◆ SOURCE MATERIAL:
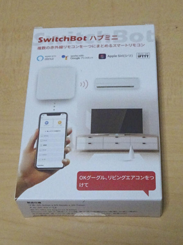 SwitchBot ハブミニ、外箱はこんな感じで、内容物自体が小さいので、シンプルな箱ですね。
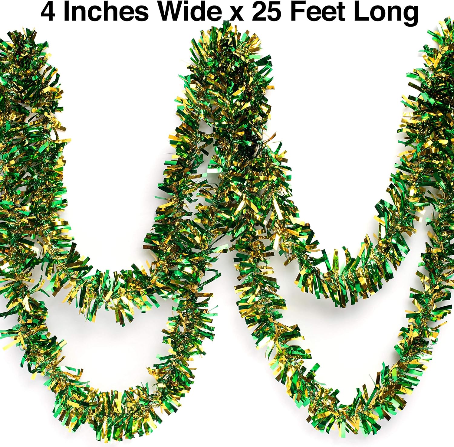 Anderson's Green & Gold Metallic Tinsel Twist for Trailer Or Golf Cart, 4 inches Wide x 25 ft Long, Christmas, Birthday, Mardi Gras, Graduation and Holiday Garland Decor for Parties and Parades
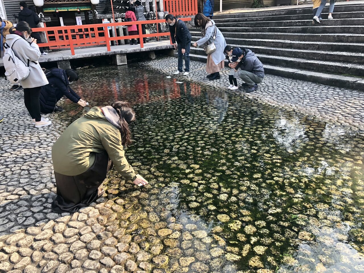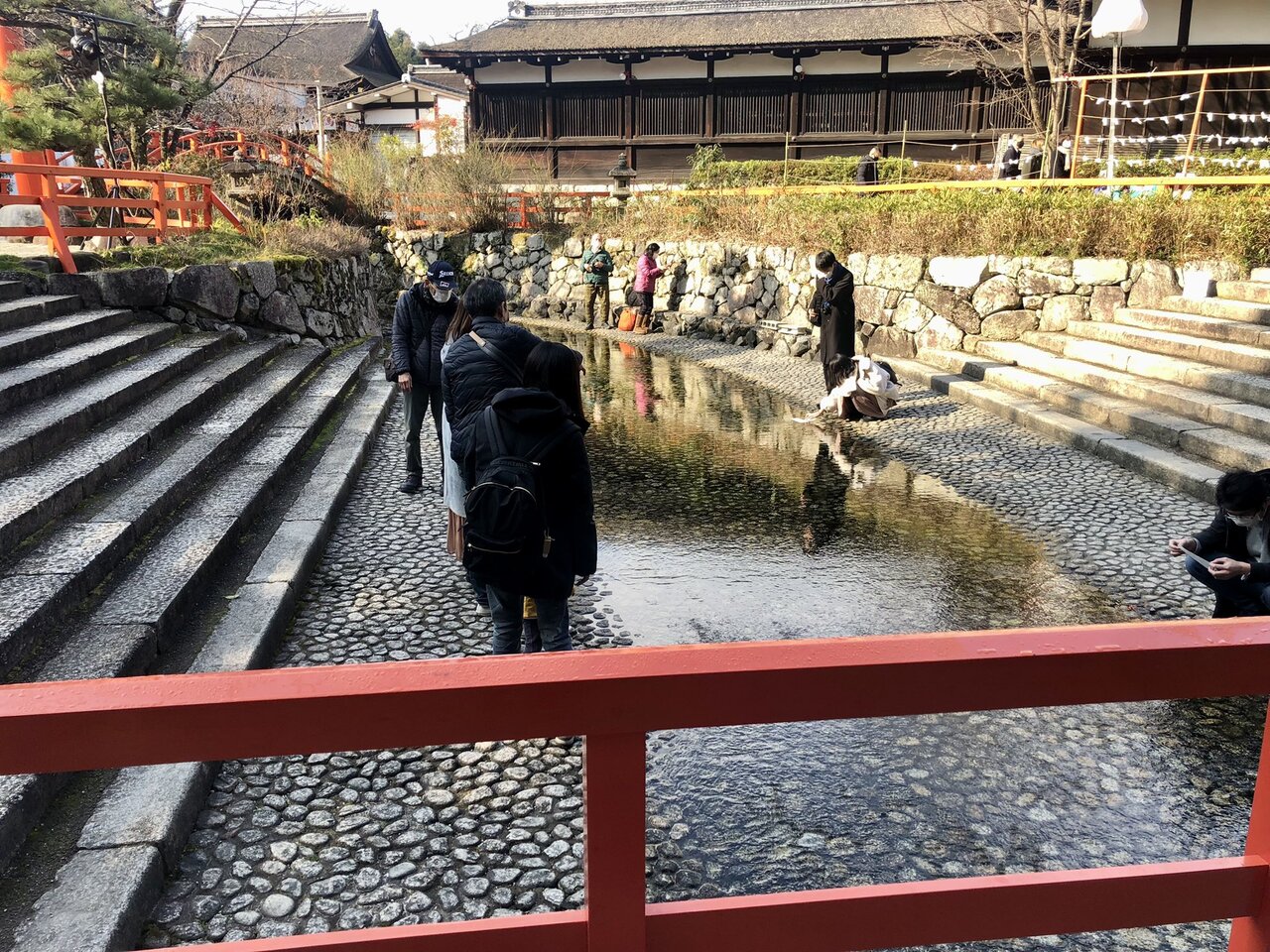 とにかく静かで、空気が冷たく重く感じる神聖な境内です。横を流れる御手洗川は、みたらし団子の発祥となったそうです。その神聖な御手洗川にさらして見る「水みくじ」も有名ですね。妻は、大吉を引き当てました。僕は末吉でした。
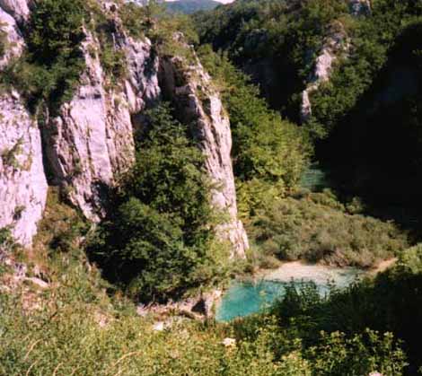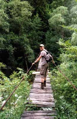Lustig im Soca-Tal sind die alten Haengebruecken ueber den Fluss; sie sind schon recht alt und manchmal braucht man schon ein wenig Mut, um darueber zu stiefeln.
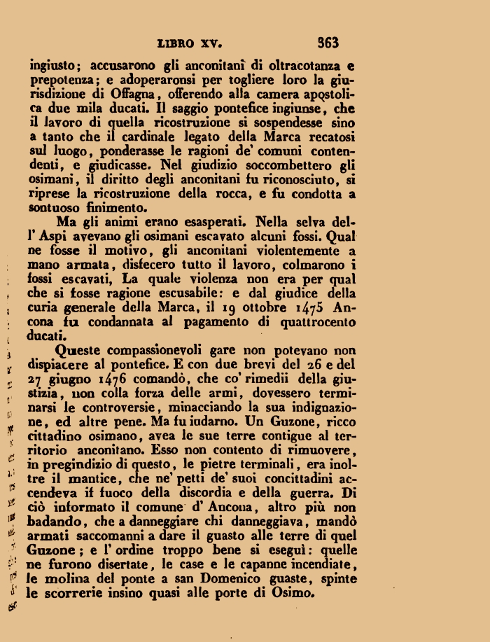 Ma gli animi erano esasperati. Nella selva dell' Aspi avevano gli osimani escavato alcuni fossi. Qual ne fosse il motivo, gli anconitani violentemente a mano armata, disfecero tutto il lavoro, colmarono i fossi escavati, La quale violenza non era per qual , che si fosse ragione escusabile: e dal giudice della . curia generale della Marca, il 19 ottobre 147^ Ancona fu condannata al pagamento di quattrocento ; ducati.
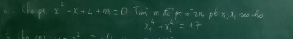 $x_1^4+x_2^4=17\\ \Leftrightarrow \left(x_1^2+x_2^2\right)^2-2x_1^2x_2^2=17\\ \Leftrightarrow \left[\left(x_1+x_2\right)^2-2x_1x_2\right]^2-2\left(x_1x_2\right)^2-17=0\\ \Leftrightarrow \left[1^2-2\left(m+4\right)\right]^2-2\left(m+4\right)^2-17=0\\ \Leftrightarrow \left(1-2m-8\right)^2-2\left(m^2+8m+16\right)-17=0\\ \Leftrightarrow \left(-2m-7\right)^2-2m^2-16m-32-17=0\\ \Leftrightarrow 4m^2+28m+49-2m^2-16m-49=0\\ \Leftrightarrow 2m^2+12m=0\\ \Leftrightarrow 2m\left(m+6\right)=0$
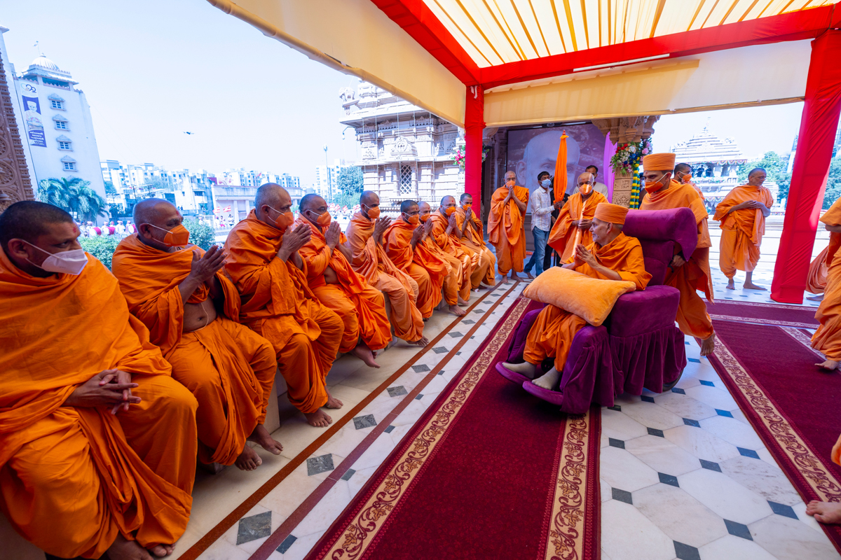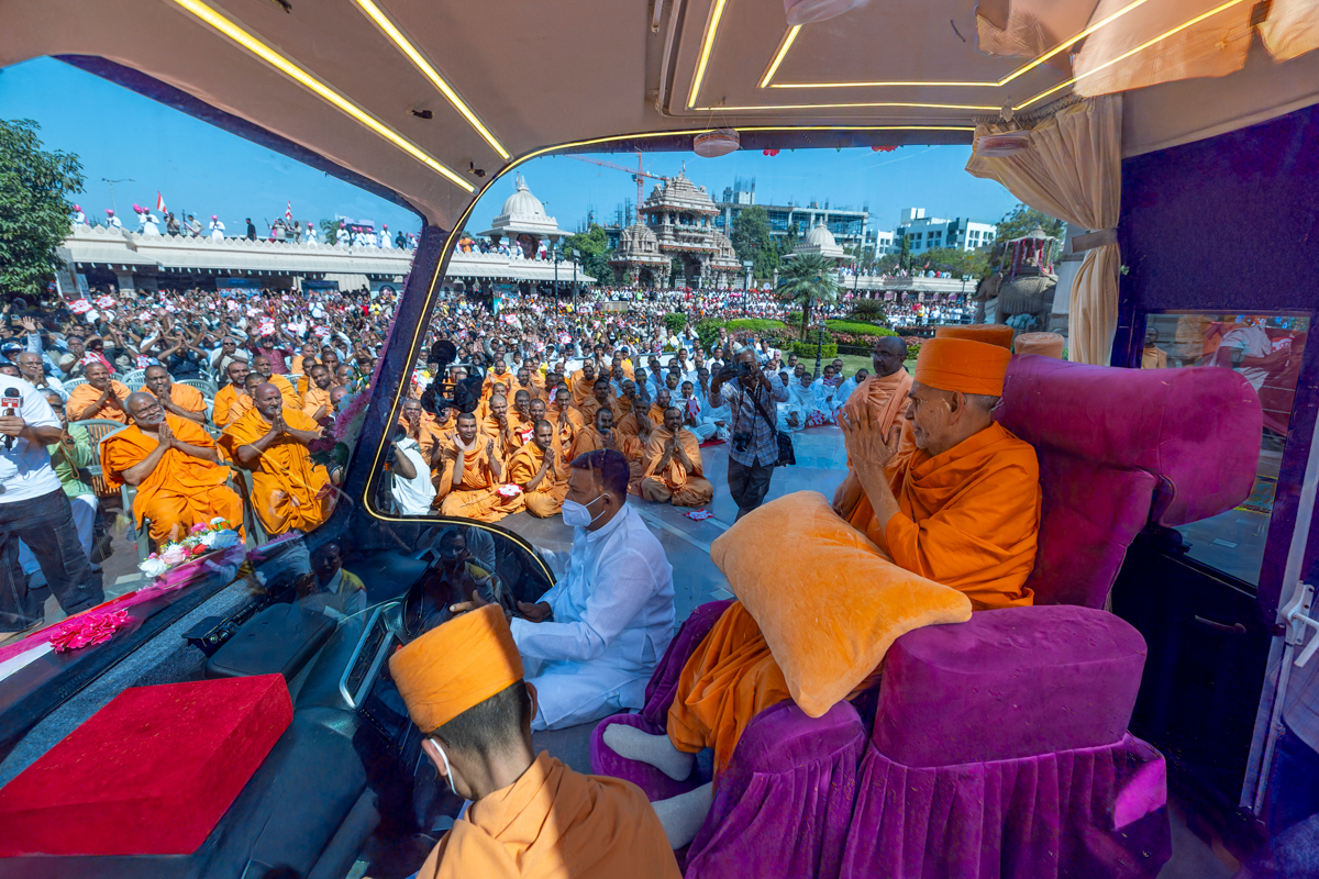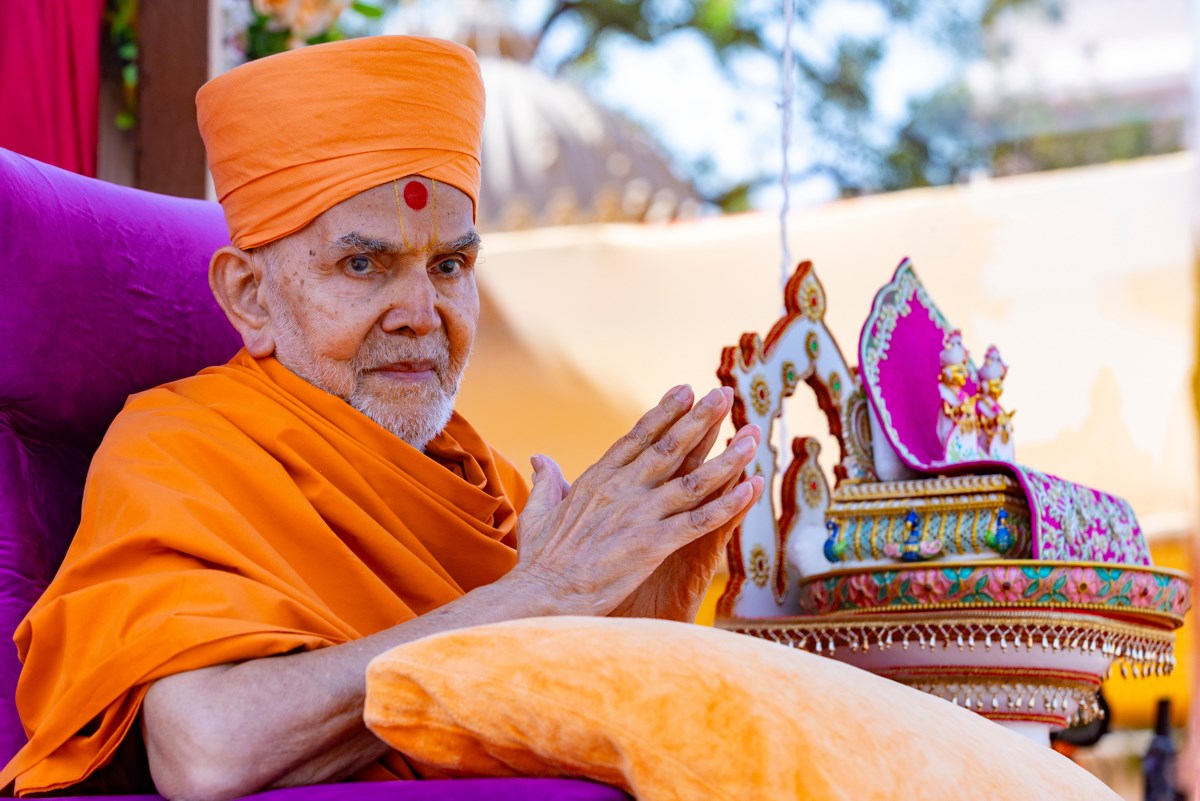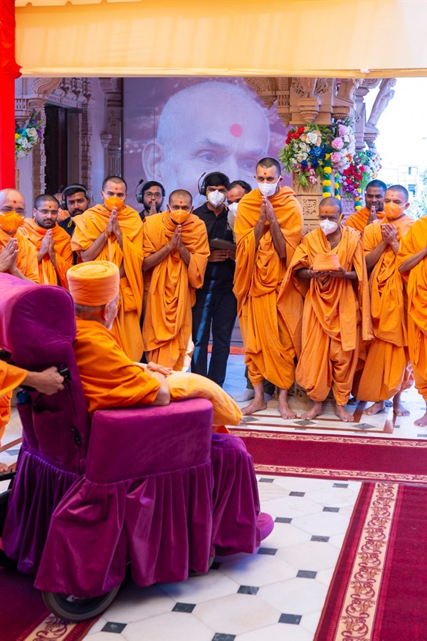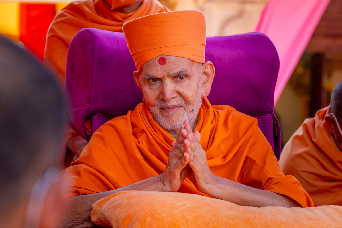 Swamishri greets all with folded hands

...

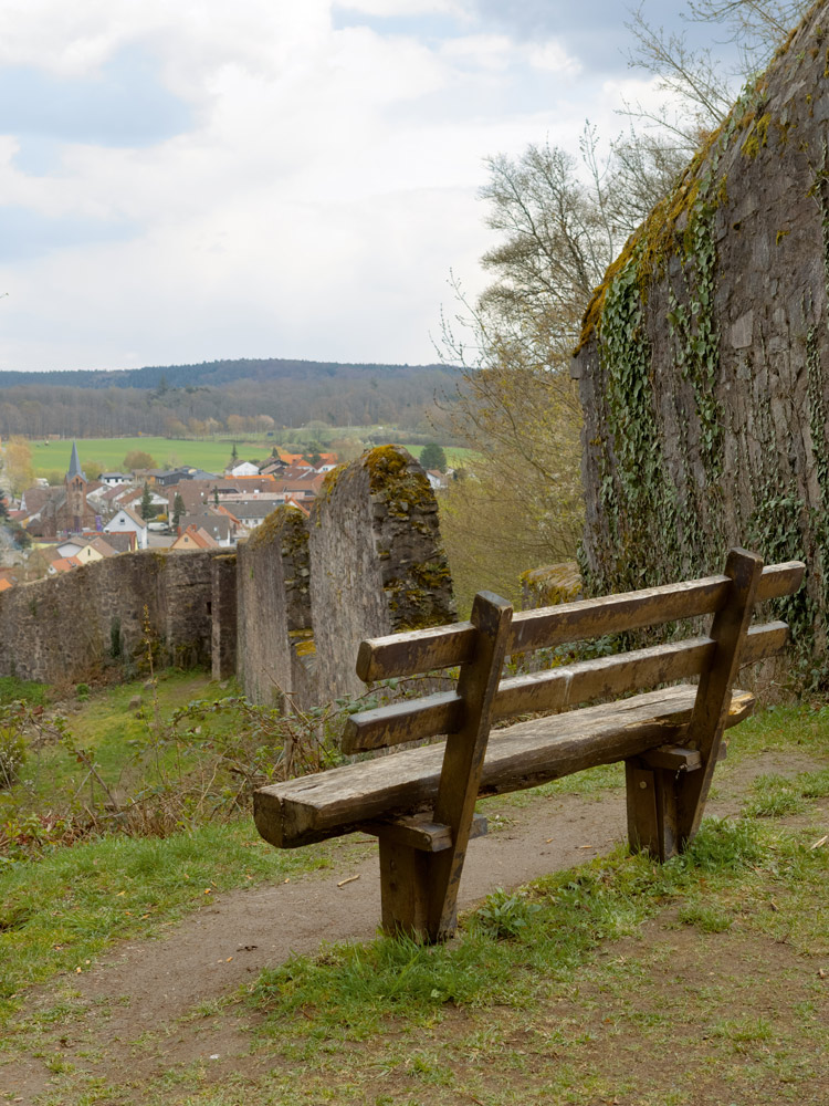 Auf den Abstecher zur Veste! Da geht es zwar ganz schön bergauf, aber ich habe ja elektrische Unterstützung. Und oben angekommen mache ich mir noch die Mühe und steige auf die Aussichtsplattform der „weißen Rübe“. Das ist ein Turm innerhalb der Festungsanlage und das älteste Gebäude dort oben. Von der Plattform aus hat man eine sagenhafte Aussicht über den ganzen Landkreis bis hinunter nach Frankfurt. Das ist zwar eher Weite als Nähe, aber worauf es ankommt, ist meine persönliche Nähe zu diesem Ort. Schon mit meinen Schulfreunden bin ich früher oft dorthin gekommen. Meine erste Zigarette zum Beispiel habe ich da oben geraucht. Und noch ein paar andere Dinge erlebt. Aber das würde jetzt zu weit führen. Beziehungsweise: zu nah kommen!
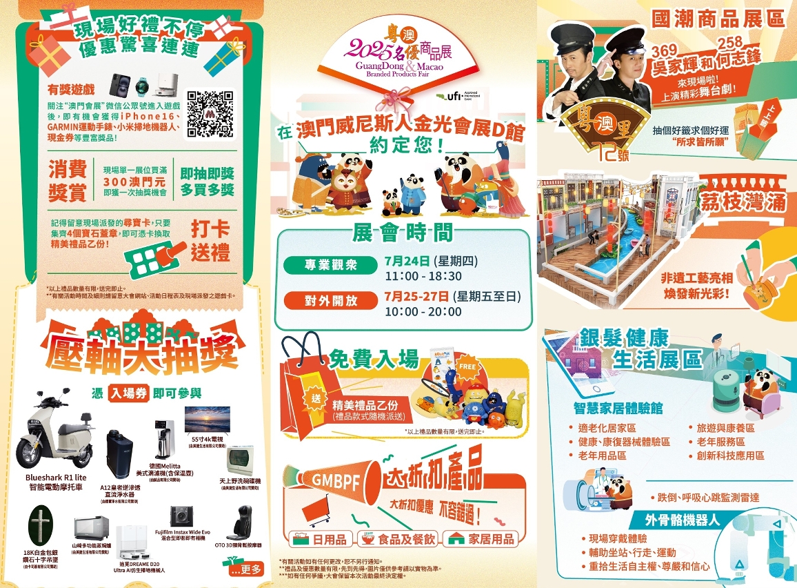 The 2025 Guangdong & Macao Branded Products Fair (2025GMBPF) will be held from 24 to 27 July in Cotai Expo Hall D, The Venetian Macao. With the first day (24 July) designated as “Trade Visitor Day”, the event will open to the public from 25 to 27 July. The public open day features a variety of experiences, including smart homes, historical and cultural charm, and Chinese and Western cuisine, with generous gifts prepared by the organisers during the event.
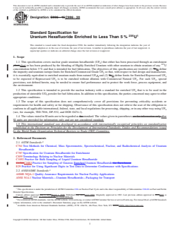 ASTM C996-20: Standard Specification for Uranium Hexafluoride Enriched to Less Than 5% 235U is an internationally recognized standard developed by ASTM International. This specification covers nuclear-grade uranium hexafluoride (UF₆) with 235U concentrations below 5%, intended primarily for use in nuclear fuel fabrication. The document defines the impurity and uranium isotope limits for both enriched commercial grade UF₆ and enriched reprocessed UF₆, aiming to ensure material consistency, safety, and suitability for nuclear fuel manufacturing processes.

--

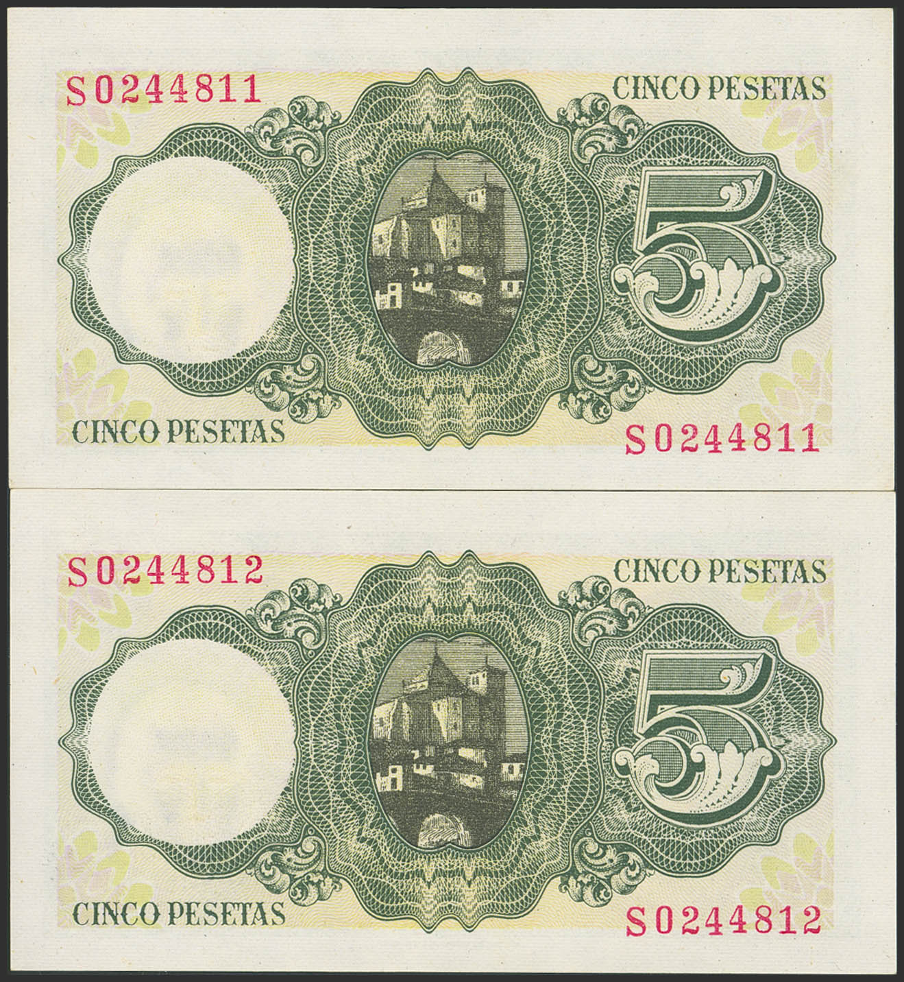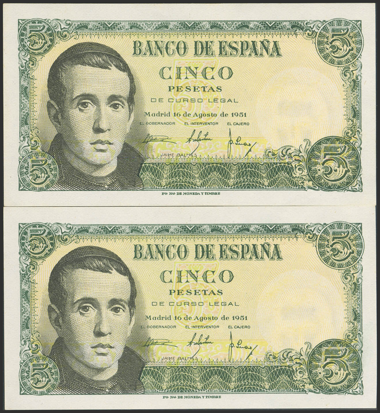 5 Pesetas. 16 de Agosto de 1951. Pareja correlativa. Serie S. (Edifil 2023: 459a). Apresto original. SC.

◆ INSTRUCTIONS TO FOLLOW:
Above is the material; set down exactly its lines from the one containing "Ma gli animi" down to the one containing "Swamishri greets all with folded hands", both included, leaving out any pictures.

◆ SOLUTION TO THIS TASK:
 Ma gli animi erano esasperati. Nella selva dell' Aspi avevano gli osimani escavato alcuni fossi. Qual ne fosse il motivo, gli anconitani violentemente a mano armata, disfecero tutto il lavoro, colmarono i fossi escavati, La quale violenza non era per qual , che si fosse ragione escusabile: e dal giudice della . curia generale della Marca, il 19 ottobre 147^ Ancona fu condannata al pagamento di quattrocento ; ducati.
 $x_1^4+x_2^4=17\\ \Leftrightarrow \left(x_1^2+x_2^2\right)^2-2x_1^2x_2^2=17\\ \Leftrightarrow \left[\left(x_1+x_2\right)^2-2x_1x_2\right]^2-2\left(x_1x_2\right)^2-17=0\\ \Leftrightarrow \left[1^2-2\left(m+4\right)\right]^2-2\left(m+4\right)^2-17=0\\ \Leftrightarrow \left(1-2m-8\right)^2-2\left(m^2+8m+16\right)-17=0\\ \Leftrightarrow \left(-2m-7\right)^2-2m^2-16m-32-17=0\\ \Leftrightarrow 4m^2+28m+49-2m^2-16m-49=0\\ \Leftrightarrow 2m^2+12m=0\\ \Leftrightarrow 2m\left(m+6\right)=0$
 Swamishri greets all with folded hands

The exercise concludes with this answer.